Work order: Reproduce, word for word, the lines in the material below starting with the one that has "Barry Webster –" and going on through the one that has "Перекладываем крылья в". Leave out all pictures.

Extracted information:
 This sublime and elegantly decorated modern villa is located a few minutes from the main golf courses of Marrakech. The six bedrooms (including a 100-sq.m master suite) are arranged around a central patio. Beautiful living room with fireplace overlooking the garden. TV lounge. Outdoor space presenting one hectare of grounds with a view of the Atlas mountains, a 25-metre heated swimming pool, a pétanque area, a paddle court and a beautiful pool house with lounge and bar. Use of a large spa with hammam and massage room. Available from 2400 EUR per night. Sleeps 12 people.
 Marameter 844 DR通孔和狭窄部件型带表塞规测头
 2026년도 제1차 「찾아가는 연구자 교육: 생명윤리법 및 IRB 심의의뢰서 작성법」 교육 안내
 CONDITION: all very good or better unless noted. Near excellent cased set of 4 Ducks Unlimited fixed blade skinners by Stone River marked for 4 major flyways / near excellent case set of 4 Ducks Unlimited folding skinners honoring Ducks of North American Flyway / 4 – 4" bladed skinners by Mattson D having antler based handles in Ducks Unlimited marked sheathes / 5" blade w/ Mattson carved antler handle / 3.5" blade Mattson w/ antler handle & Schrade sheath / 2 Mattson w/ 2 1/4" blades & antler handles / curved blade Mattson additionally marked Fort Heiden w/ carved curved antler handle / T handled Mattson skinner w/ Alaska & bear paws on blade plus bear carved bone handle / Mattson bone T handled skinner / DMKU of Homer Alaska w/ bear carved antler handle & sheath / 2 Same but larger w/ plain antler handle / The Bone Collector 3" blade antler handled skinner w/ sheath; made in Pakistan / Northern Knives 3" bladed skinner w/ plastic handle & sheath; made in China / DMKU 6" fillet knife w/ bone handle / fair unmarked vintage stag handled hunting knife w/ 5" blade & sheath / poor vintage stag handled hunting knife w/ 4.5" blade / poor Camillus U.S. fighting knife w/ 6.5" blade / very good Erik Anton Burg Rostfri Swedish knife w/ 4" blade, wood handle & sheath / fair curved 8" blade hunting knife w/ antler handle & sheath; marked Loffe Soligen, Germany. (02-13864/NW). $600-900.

* * *

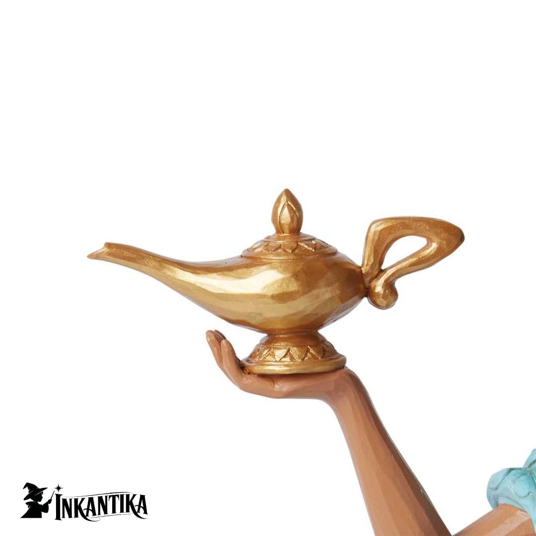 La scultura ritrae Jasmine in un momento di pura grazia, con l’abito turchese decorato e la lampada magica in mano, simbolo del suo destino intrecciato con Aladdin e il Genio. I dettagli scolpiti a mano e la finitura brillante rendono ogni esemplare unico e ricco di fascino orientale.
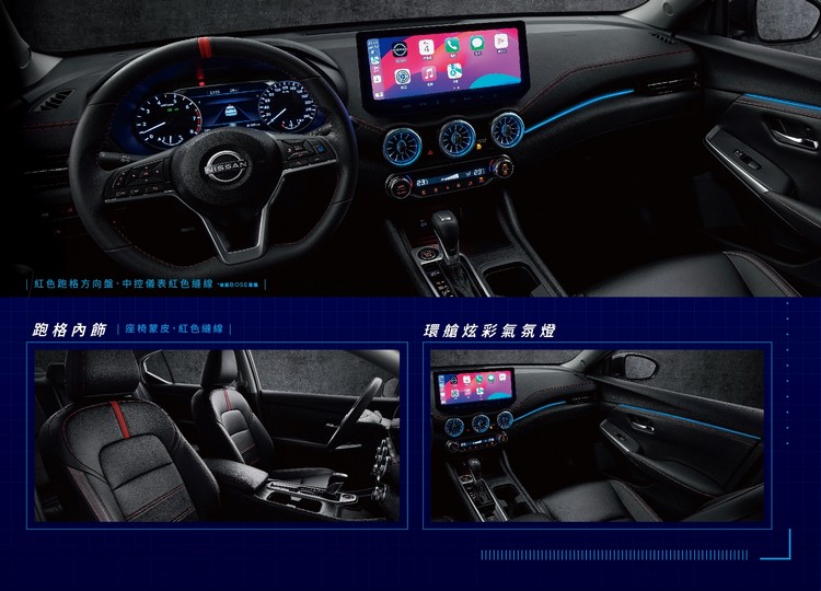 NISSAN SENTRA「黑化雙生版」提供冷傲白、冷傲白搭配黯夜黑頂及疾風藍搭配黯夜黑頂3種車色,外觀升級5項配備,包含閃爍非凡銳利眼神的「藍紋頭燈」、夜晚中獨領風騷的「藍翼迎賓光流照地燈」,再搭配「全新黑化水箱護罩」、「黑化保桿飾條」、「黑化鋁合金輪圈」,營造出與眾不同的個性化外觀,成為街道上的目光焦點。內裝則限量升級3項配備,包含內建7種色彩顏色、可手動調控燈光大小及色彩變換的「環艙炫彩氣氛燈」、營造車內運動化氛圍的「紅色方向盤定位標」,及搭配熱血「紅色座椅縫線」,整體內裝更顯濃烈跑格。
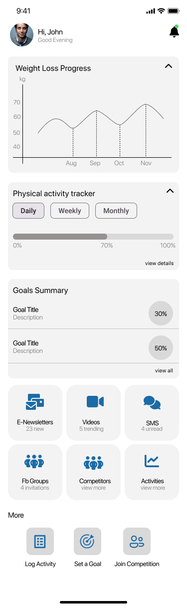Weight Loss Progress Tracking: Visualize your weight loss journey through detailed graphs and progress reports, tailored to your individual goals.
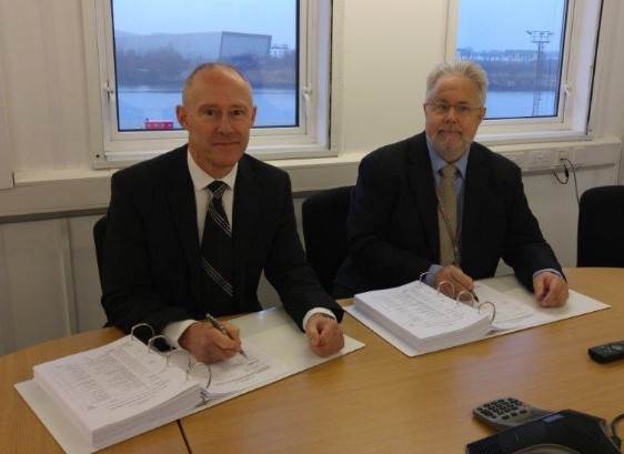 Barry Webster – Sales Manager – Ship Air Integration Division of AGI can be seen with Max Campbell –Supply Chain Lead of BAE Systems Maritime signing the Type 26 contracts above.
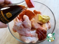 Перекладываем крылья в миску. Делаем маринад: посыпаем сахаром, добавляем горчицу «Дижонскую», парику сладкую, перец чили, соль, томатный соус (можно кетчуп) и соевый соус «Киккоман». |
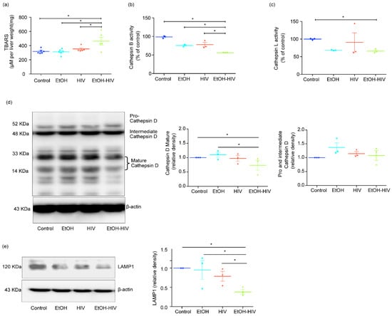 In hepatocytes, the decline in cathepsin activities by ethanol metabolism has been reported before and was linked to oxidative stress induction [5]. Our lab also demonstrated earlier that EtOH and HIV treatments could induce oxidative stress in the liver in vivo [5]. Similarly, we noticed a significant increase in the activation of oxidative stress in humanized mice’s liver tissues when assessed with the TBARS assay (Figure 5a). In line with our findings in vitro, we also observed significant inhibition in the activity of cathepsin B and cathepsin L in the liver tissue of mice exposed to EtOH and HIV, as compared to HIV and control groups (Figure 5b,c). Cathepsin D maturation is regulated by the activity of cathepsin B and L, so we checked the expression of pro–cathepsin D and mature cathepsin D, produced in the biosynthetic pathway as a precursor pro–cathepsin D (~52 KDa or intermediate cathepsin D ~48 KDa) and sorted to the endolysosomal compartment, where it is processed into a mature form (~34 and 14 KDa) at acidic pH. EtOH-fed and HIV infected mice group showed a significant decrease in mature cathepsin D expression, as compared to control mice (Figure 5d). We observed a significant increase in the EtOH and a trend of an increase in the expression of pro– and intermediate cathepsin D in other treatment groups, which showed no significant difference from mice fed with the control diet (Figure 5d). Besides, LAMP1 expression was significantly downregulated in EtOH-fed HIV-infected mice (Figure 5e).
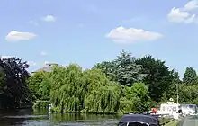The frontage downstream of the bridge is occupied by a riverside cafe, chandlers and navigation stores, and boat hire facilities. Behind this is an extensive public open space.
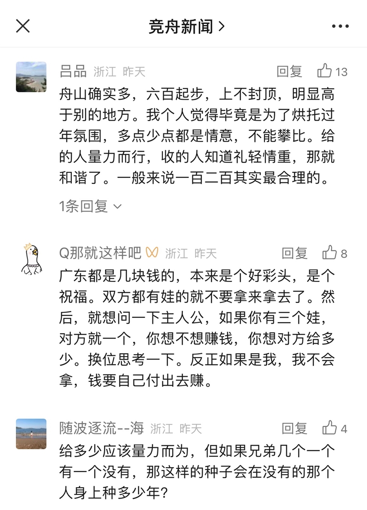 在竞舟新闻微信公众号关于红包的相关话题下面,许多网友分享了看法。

Solution:
 Barry Webster – Sales Manager – Ship Air Integration Division of AGI can be seen with Max Campbell –Supply Chain Lead of BAE Systems Maritime signing the Type 26 contracts above.
 Перекладываем крылья в миску. Делаем маринад: посыпаем сахаром, добавляем горчицу «Дижонскую», парику сладкую, перец чили, соль, томатный соус (можно кетчуп) и соевый соус «Киккоман». |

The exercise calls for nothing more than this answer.